If you'd like to convert a TensorFlow model (frozen graph `*.pb`, `SavedModel`
or whatever) to ONNX, try [`tf2onnx`](https://github.com/onnx/tensorflow-onnx).
Or, you can firstly [convert][tf2tflite] it to a TFLite (`*.tflite`) model,
and then convert the TFLite model to ONNX.

## Call for Contribution

Currently we have [14 open issues](https://github.com/zhenhuaw-me/tflite2onnx/issues).
I am sorry that I don't have more bandwidth to work on them.
*Please help to contribute to this project!* See [Contributing](#contributing) below.

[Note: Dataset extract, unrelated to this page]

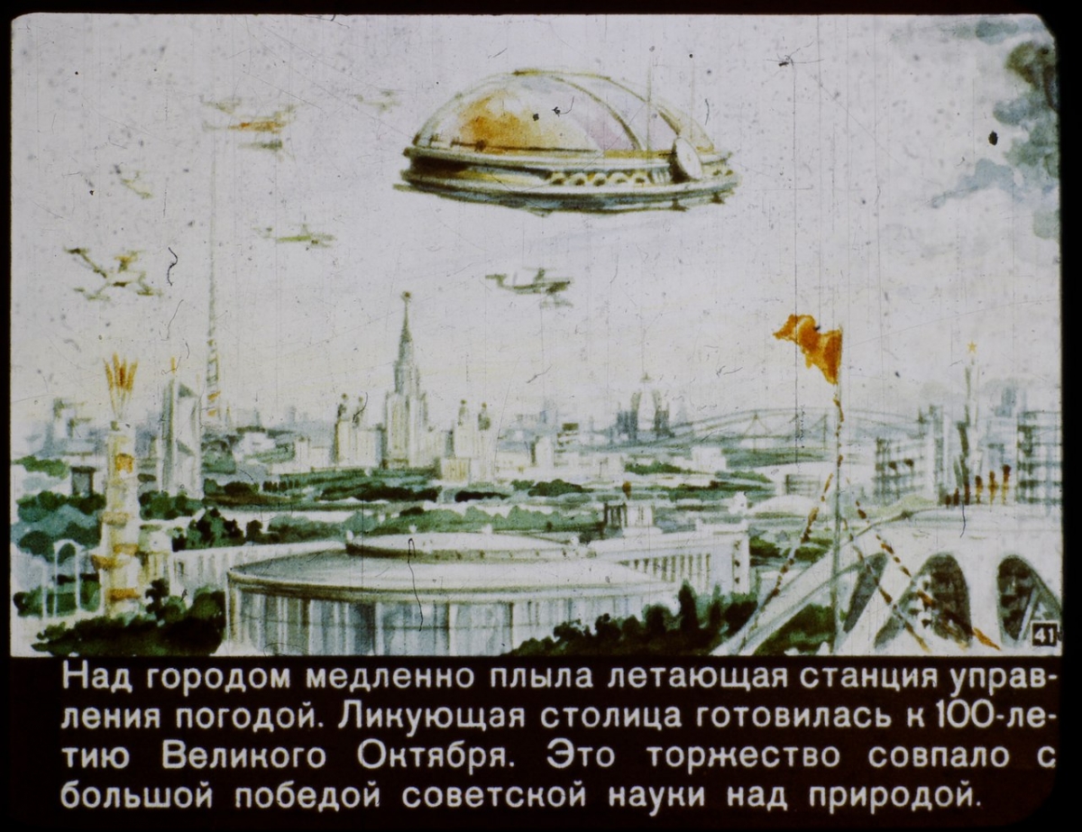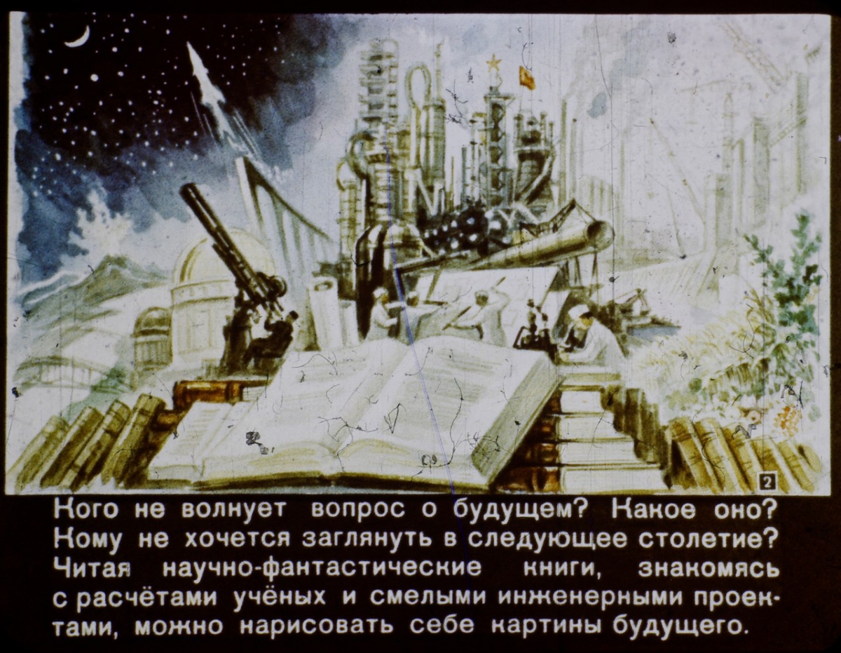 Многое осталось лишь грандиозными проектами – переброска сибирских рек, перегораживание Берингова пролива плотиной, управление погодой и изменение человеком климата (создатели диафильма явно не имели в виду "парниковый эффект"). Не оправдали всех надежд и в освоении космоса. Не сбылись плавучие детские сады и подземные города с кварцевым солнцем.

Started from the beginning, I have written [docs](#documentation) to help you ramp up this project.
Therefore I am not the critical path of this project.

Microsoft has implemented another _TensorFlow Lite to ONNX model converter_ in `tf2onnx`
[at Feb 2021](https://github.com/onnx/sigs/blob/master/converters/meetings/019-20210212.md)
(we open sourced `tflite2onnx` in May 2020). `tf2onnx` seems to able to convert Quantization
just like us, and it seems able to convert RNN networks which we are not supported yet.
Yet, due to the architecture, I think it's non-trivial to fix a bug, which means that,
`tflite2onnx` is a rather better choice if you are blocked and don't wait for a fix from the maintainer.

## Installation

Install via [pip][pypi] `pip install tflite2onnx`.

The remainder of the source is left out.